WORK ITEM>
Copy out exactly the stretch below, from the line with "เจ้าหน้าที่รักษาความปลอดภัยประจำอาคาร" through the line with "Gambar 2.7 Proses pengeringan daun kelor", both included; the pictures stay out.

(Items from a dataset)
◆ ◆ ◆ ◆ ◆
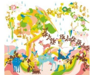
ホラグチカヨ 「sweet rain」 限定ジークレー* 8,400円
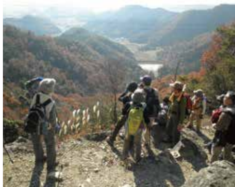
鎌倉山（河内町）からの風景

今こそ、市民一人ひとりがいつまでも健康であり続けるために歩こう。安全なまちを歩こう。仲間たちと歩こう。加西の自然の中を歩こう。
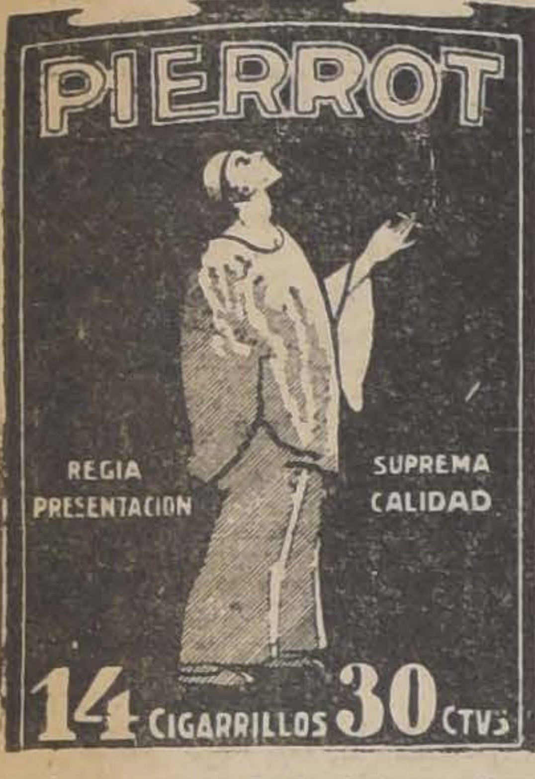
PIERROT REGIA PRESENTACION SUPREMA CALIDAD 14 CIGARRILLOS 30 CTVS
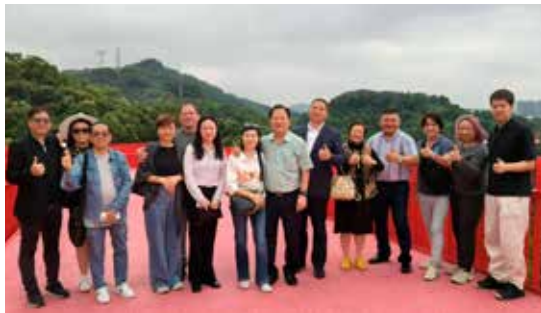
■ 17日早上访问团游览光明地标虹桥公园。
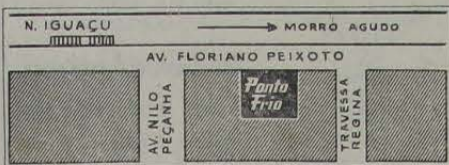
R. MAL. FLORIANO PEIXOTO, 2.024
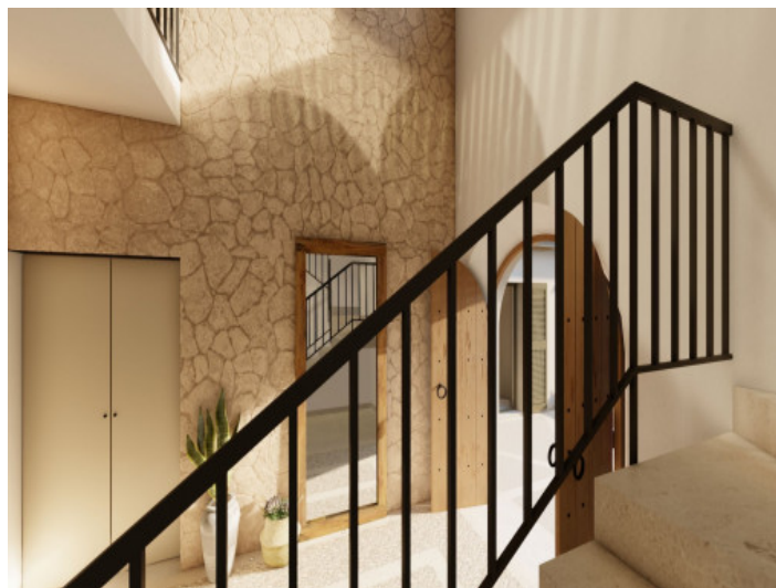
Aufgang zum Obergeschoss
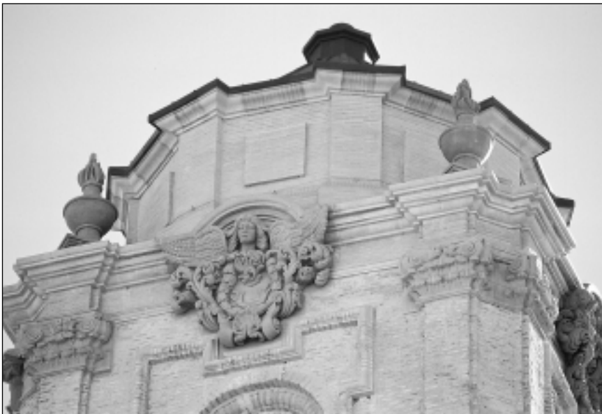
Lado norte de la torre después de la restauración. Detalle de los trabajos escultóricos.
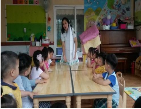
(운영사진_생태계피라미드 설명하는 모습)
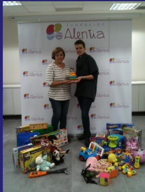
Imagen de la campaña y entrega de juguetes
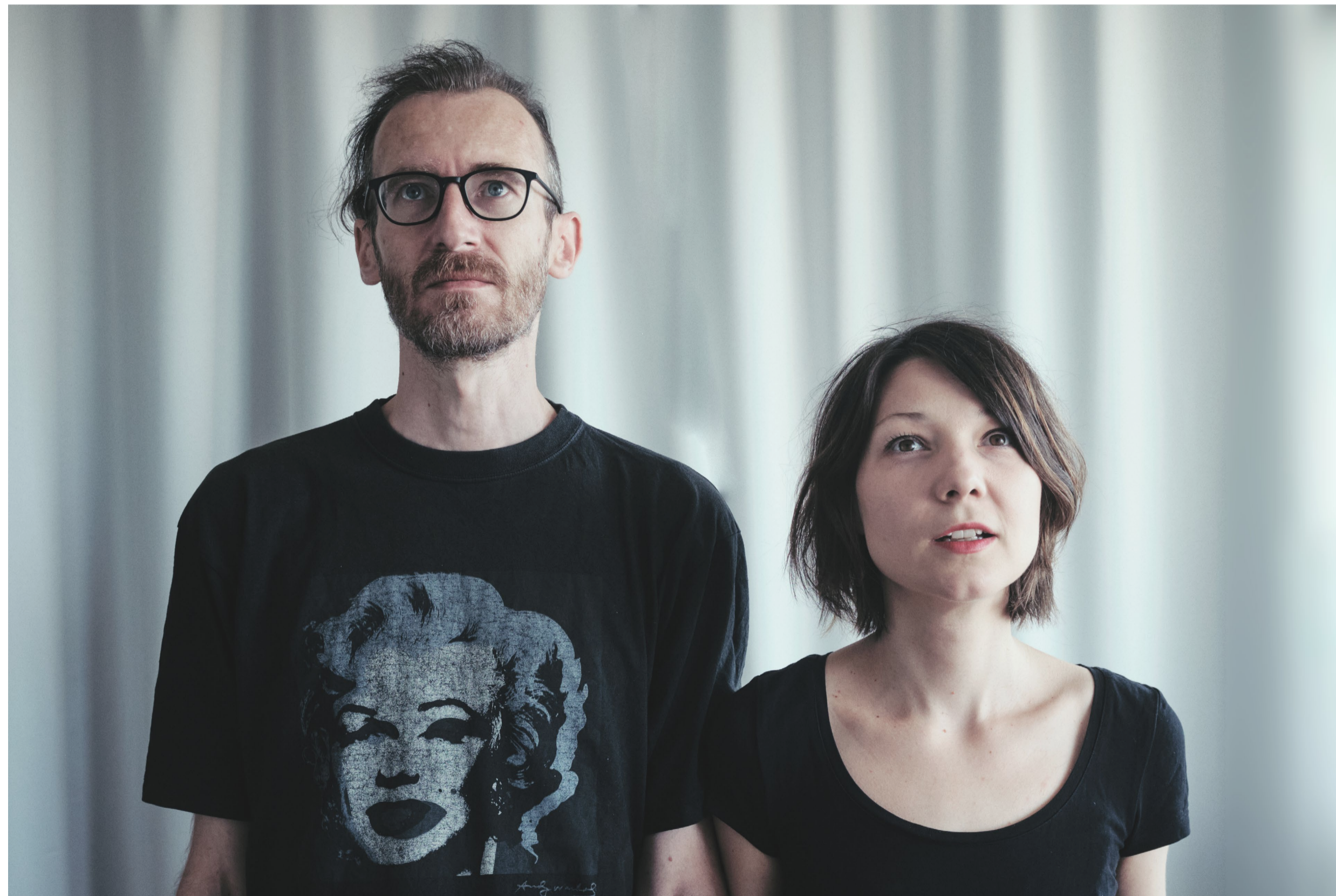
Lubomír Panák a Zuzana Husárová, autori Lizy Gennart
◆ ◆ ◆ ◆ ◆
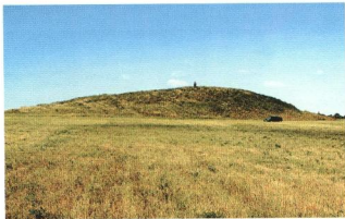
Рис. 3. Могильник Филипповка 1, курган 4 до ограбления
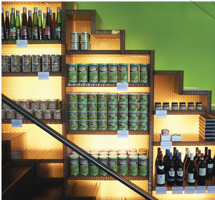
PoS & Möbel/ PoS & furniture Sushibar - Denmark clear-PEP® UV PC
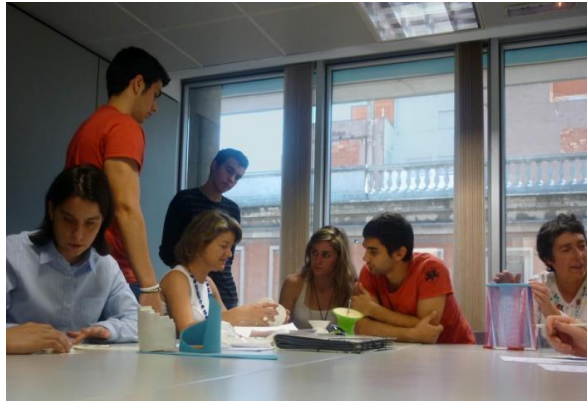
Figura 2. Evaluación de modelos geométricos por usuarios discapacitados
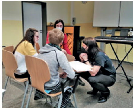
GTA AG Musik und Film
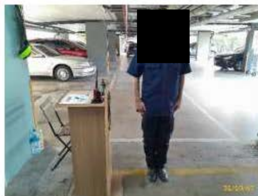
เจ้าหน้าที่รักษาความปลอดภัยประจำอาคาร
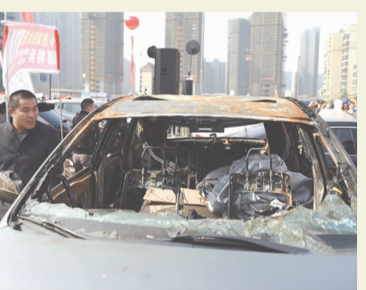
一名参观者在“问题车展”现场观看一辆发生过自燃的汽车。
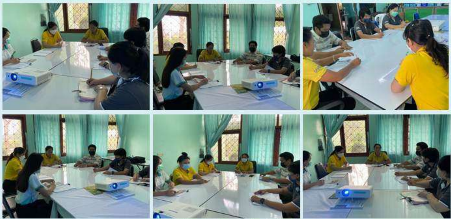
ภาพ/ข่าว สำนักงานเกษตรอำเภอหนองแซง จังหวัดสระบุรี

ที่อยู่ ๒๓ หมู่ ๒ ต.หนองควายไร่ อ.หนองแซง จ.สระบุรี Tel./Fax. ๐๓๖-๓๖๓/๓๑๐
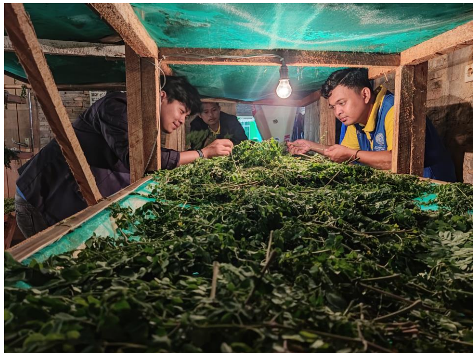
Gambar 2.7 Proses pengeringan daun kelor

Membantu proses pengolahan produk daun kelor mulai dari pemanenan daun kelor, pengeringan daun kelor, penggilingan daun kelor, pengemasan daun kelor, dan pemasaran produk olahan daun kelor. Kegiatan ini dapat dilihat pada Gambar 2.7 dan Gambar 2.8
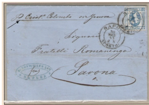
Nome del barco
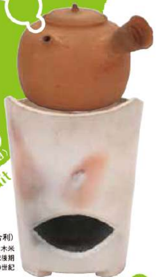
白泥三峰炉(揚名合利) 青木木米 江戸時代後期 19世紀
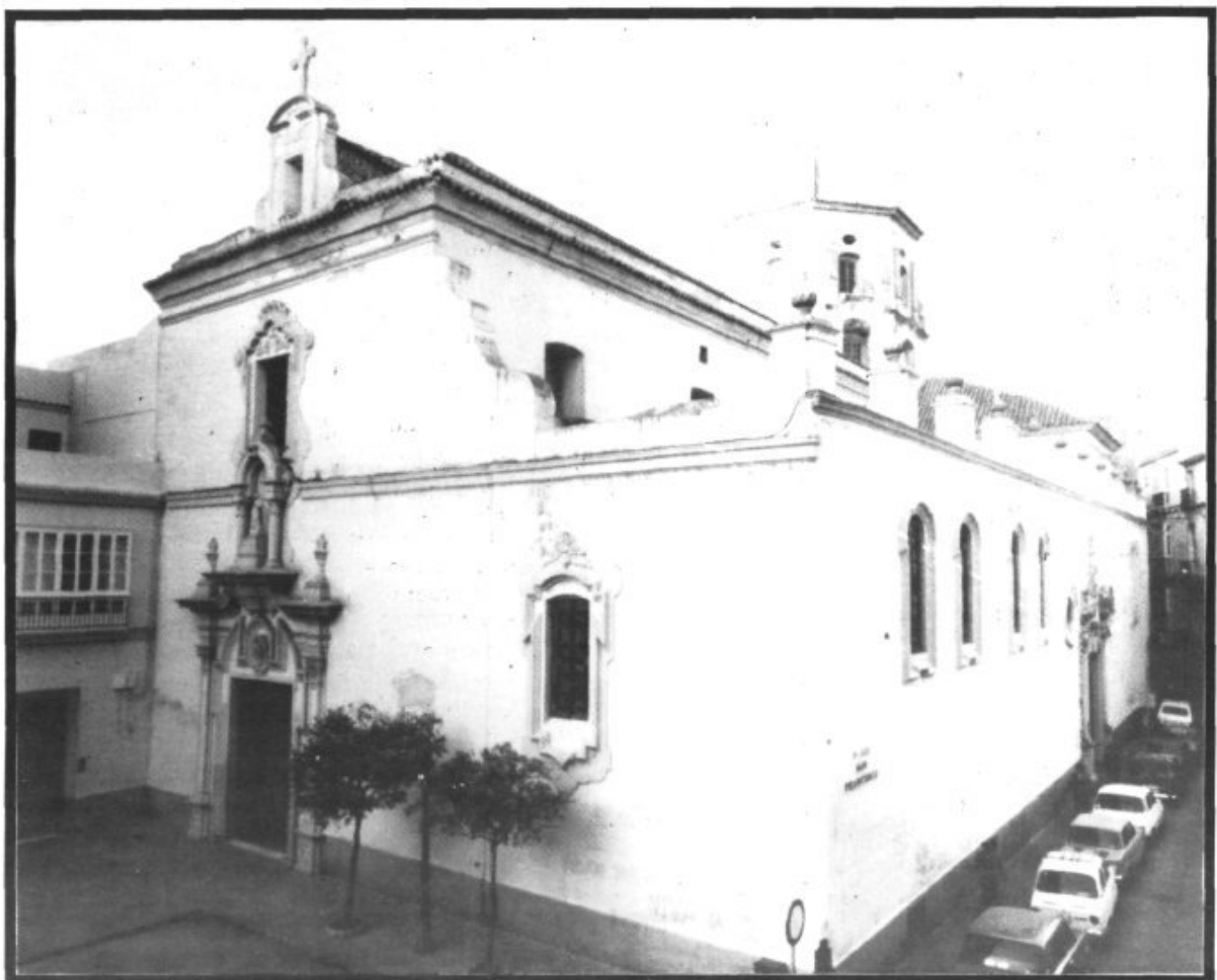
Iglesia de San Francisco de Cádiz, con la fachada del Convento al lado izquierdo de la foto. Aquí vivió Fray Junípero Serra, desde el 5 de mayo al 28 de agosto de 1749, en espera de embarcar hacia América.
◆ ◆ ◆ ◆ ◆
SOLVED EXERCISE>
เจ้าหน้าที่รักษาความปลอดภัยประจำอาคาร
一名参观者在“问题车展”现场观看一辆发生过自燃的汽车。
ภาพ/ข่าว สำนักงานเกษตรอำเภอหนองแซง จังหวัดสระบุรี

ที่อยู่ ๒๓ หมู่ ๒ ต.หนองควายไร่ อ.หนองแซง จ.สระบุรี Tel./Fax. ๐๓๖-๓๖๓/๓๑๐
Gambar 2.7 Proses pengeringan daun kelor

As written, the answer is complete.